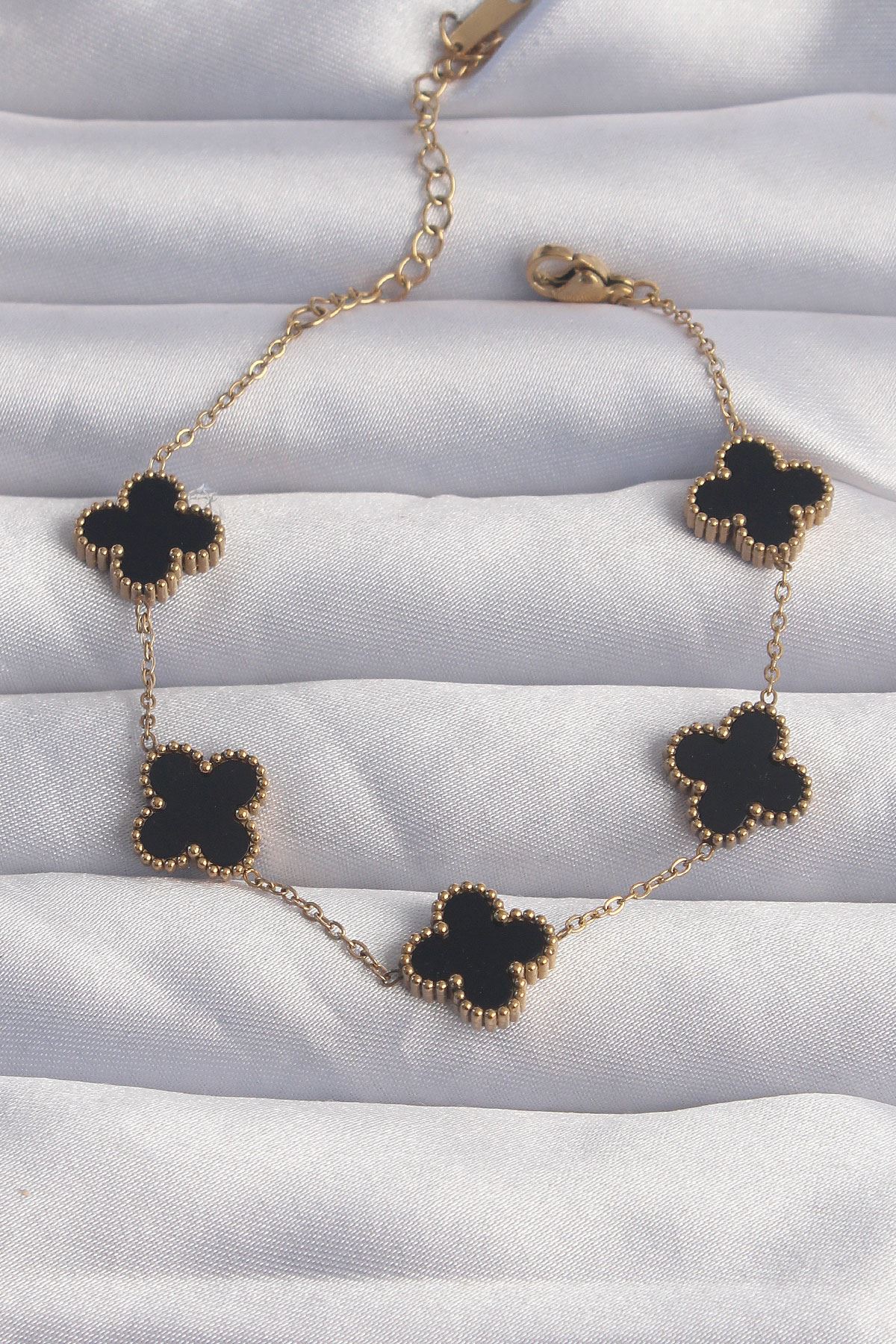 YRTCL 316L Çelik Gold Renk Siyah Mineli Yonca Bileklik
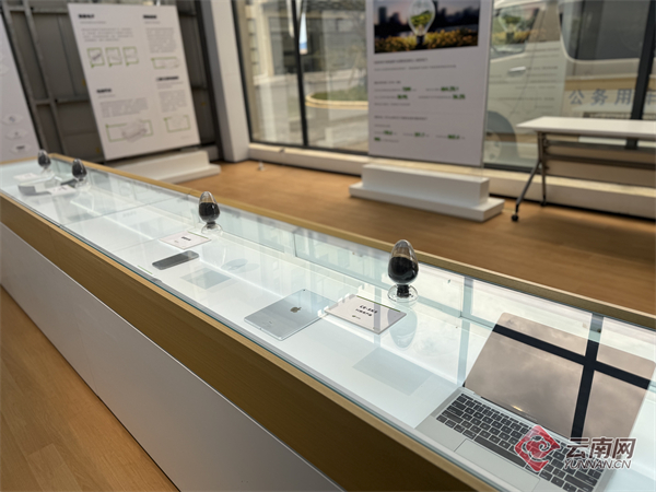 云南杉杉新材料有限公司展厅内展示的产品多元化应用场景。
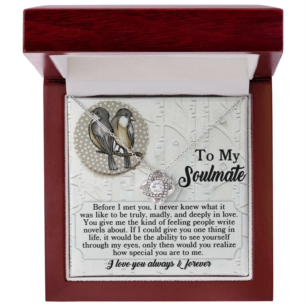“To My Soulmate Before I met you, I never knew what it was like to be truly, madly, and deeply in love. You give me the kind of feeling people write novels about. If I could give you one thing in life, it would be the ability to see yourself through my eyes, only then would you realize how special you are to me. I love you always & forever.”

◆ ◆ ◆ ◆ ◆ ◆ ◆

Assigned task: Reproduce, word for word, the lines from the one containing "云南杉杉新材料有限公司展厅内展示的产品多元化应用场景。" through the final line above. Leave every picture out.

Answer to this task:
 云南杉杉新材料有限公司展厅内展示的产品多元化应用场景。
“To My Soulmate Before I met you, I never knew what it was like to be truly, madly, and deeply in love. You give me the kind of feeling people write novels about. If I could give you one thing in life, it would be the ability to see yourself through my eyes, only then would you realize how special you are to me. I love you always & forever.”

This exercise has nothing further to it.